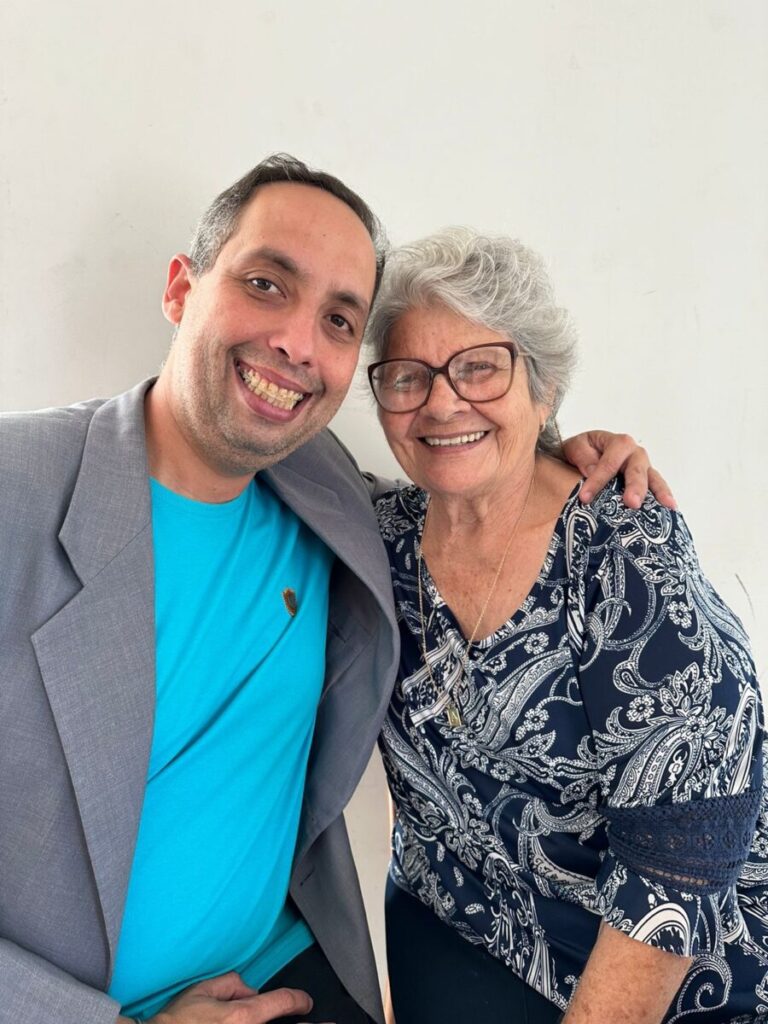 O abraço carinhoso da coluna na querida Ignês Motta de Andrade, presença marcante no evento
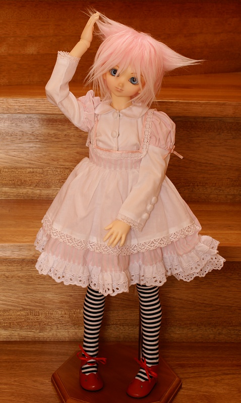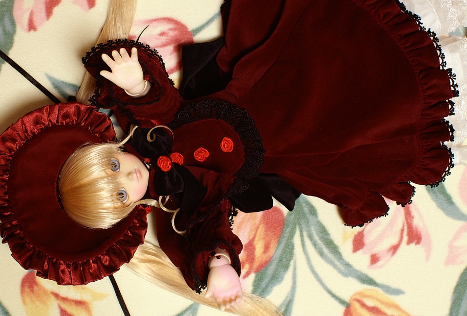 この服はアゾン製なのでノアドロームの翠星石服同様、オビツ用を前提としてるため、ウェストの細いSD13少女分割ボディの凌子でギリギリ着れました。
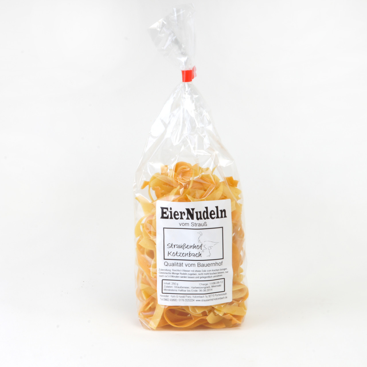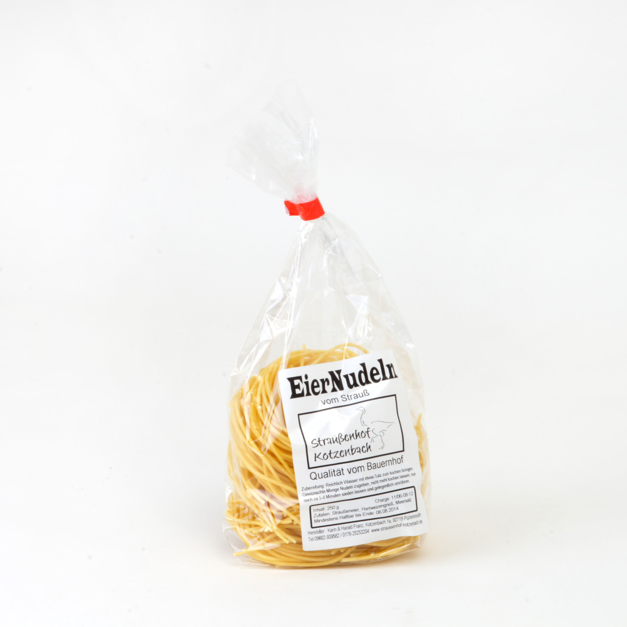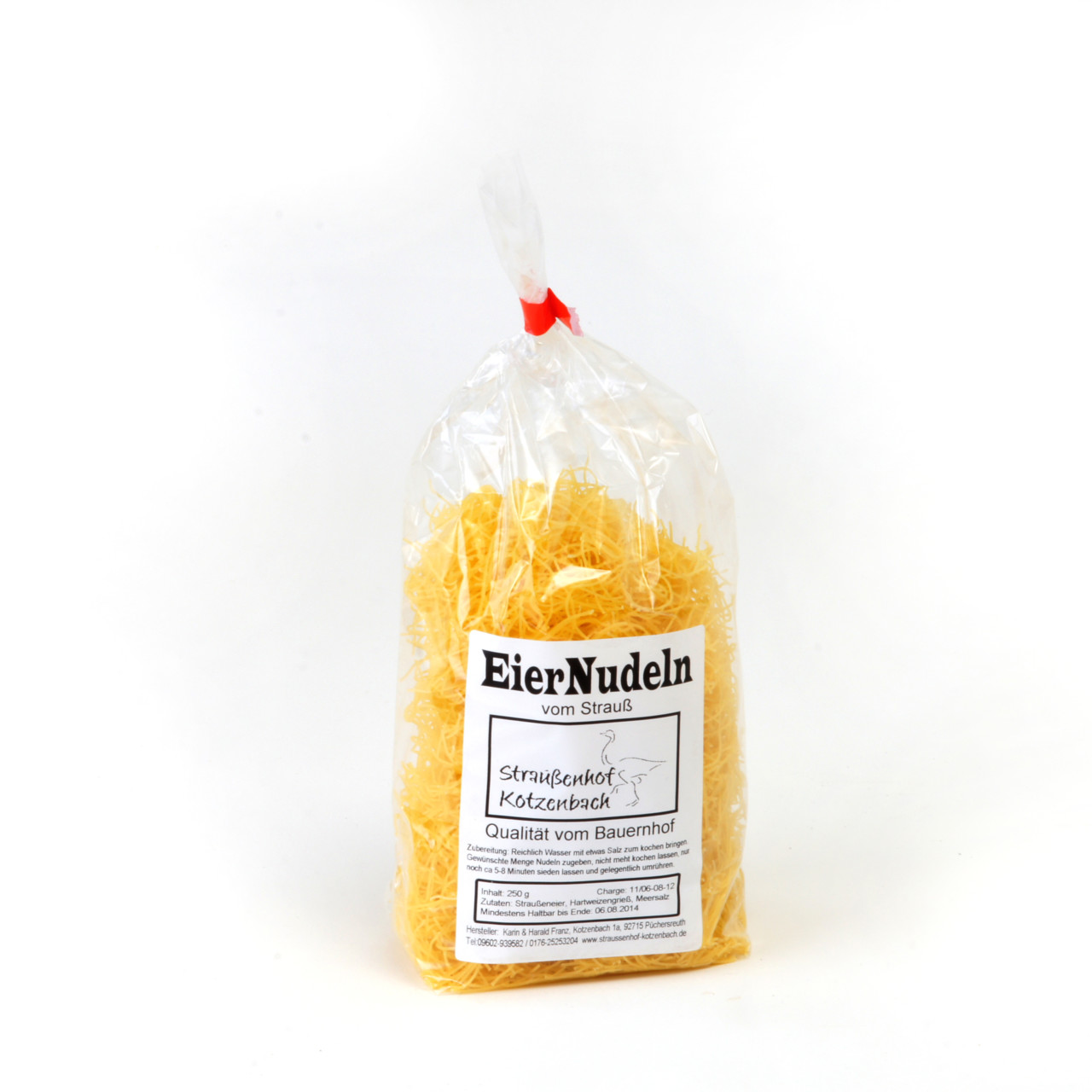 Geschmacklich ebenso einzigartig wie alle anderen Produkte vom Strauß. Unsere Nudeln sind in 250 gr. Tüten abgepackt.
= = =
Work item:
Exact lines, nothing more: output the one with "この服はアゾン製なのでノアド" and every later line through the end of the data, skipping pictures.

Response:
 この服はアゾン製なのでノアドロームの翠星石服同様、オビツ用を前提としてるため、ウェストの細いSD13少女分割ボディの凌子でギリギリ着れました。
 Geschmacklich ebenso einzigartig wie alle anderen Produkte vom Strauß. Unsere Nudeln sind in 250 gr. Tüten abgepackt.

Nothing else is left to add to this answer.